Here's a concrete example. hardware-observer bundles smartctl_exporter. We don't control the upstream project so we don't have direct influence on the metrics it produces. One of the metrics from this exporter may look like the following once it lands into COS:
smartctl_devices{instance="localhost:10201", job="hardware-observer_2_default", juju_application="hardware-observer", juju_model="cou", juju_model_uuid="77ca69e6-dcda-4c31-8dc0-adb4ad632233", juju_unit="hardware-observer/0"} = 3
But which host is this metric about? Yeah, it's from hardware-observer/0
, but that's useless to me if I'm getting an alert about a broken drive.

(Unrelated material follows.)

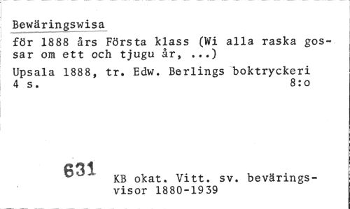 //// Bewäringswisa //// för 1888 års Första klass (Wi alla raska gossar om ett och tjugu år, ...) //// Upsala 1888, tr. Edw. Berlings boktryckeri 4 s. 8: o //// 61.8 KB okat. Vitt. sv. bevärings- //// visor 1880-1939 ////
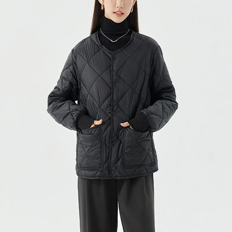 New Rhombus Sewing Cotton Coat Winter Warm Round-neck Jacket With Pockets Lightweight Outerwear For Women's Clothing

Additionally, being able to rely on hostnames would allow me to create overview dashboards that correlate entries from multiple exporters.
[for the record, a long time ago we had conversations about the legacy prometheus charm injecting fqdns via reverse dns (or something along those lines) and COS not supporting it (which I agree is the right choice). While hostnames (especially cat /etc/hostname
) are not universally unique, for all intents and purposes they often are within a deployment, so having grafana-agent inject them as a label could be a decent low tech workaround, I think]
Enhancement Proposal
Operators of Juju environments have several ways to refer to charm "targets" (i.e. Ubuntu machines, LXDs, VMs, and containers): machine IDs, hostnames, and unit names (principals and subordinates). Depending on the use case, one signifier may be preferable to another when identifying a metric source.
When monitoring OpenStack hypervisors, we have at our disposal metrics generated on the hypervisor itself by the libvirt exporter (bundled in either https://charmhub.io/prometheus-libvirt-exporter or https://charmhub.io/openstack-hypervisor), and metrics provided by the OpenStack API about the hypervisors (these come from either https://charmhub.io/openstack-exporter or https://charmhub.io/openstack-exporter-k8s). Since both types of metrics ultimately represent aspects of the same entity, it is useful to display them in the same dashboard; unfortunately we are however unable to correlate them since the former set declares its source to be a juju unit, while the latter one identifies the source via a hostname - obviously the OpenStack API has no knowledge of Juju and charms.
Additionally, metrics displayed by COS may be consumed by users of the infrastructure who - like the OpenStack API - are oblivious to Juju unit names.
As a way to solve the correlation problem mentioned above, as well as to provide a meaningful filtering identifier to individuals who aren't Juju operators, it would be very useful if the grafana-agent machine charm injected the content of
/etc/hostname
in a hostname label for any metric generated by charms related to it.